Tips for Getting a Second Property Mortgage

  • Start with your current lender: If you have a good relationship with your current lender, start by asking them about their second property mortgage options.
  • Shop around: Compare the rates and terms of different lenders to find the best deal.
  • Consider a mortgage broker: A mortgage broker can help you find the best mortgage options for your needs.
  • Get pre-approved: Getting pre-approved for a mortgage can give you an advantage when making an offer on a property.
  • Be prepared to provide documentation: Make sure you have all the necessary documents ready before applying for a mortgage.

Conclusion

Investing in a second property can be a great way to build wealth and create a passive income stream. However, getting a mortgage for a second property in Ontario can be a complex process. By understanding the eligibility criteria, types of mortgages, and application process, you can increase your chances of getting approved for a second property mortgage.

FAQs

  1. Can I use my home equity to purchase a second property in Ontario?

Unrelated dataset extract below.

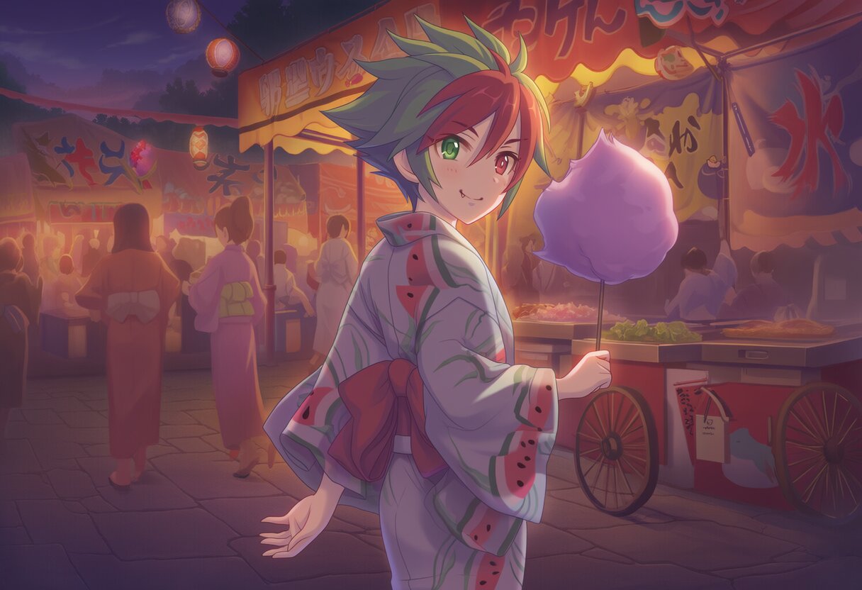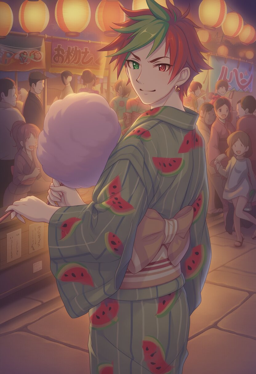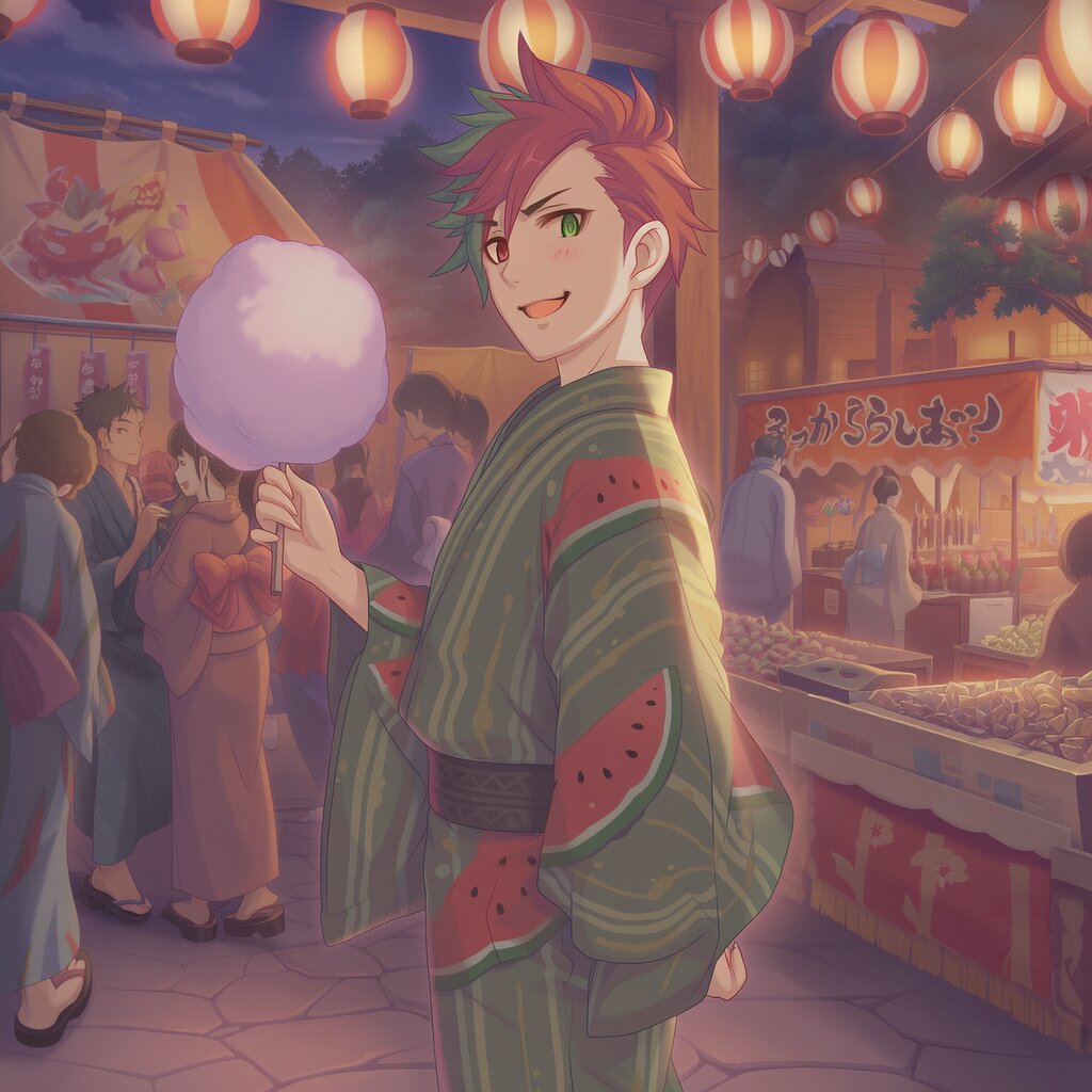 {{{highly detailed}}}, {{official style}}, {{game cg}}, {{cygames style, princess connect!}}, {{{male face, male eyebrows, male eyes}}}, {{sharp nose}}, {{facial muscle}}, {{bishounen}}, {{adult male}}, 1boy, solo, {{heterochromia, red eyes, green eyes}}, {{spiked hair}, {{{{{{{{very short hair}}}}}}}}}, {two-tone hair:1.5}, {green and red hair}, {{two-tone hair, red hair, green hair}}, swept bangs, flat chest, walking, looking back, cowboy shot, happy, {{{watermelon-patterned yukata}}}, {{{{eat a cotton candy}}}}, smile, night, festival, food stand, multiple boys, crowd, multiple girls, {{{masterpiece}}}, {{{best quality}}}, {{{very aesthetic}}}, {{{ultra-detailed}}}, {illustration}, {{{extremely detailed}}}, {{{an extremely delicate and beautiful}}}

Yes, you can use your home equity to purchase a second property in Ontario. This is known as a home equity line of credit (HELOC) or a home equity loan. These options allow you to use the equity you have built up in your primary residence as collateral for a loan to buy a second property.

  1. What is the difference between a conventional mortgage and a high-ratio mortgage?

A conventional mortgage requires a down payment of at least 20% of the purchase price of the property, while a high-ratio mortgage requires a down payment of less than 20%. High-ratio mortgages are insured by the Canada Mortgage and Housing Corporation (CMHC) or other mortgage insurers, while conventional mortgages are not.

  1. How much do I need to put down for a second property mortgage?

You will need to provide a down payment of at least 20% of the purchase price of the property for a conventional mortgage, and a down payment of less than 20% for a high-ratio mortgage.

  1. What is the minimum credit score required for a second property mortgage in Ontario?

You will need a credit score of at least 680 to qualify for a second property mortgage in Ontario.

  1. Can I rent out my second property?

Yes, you can rent out your second property. However, you will need to ensure that you have the necessary permits and insurance to do so. You may also need to pay taxes on any rental income you receive.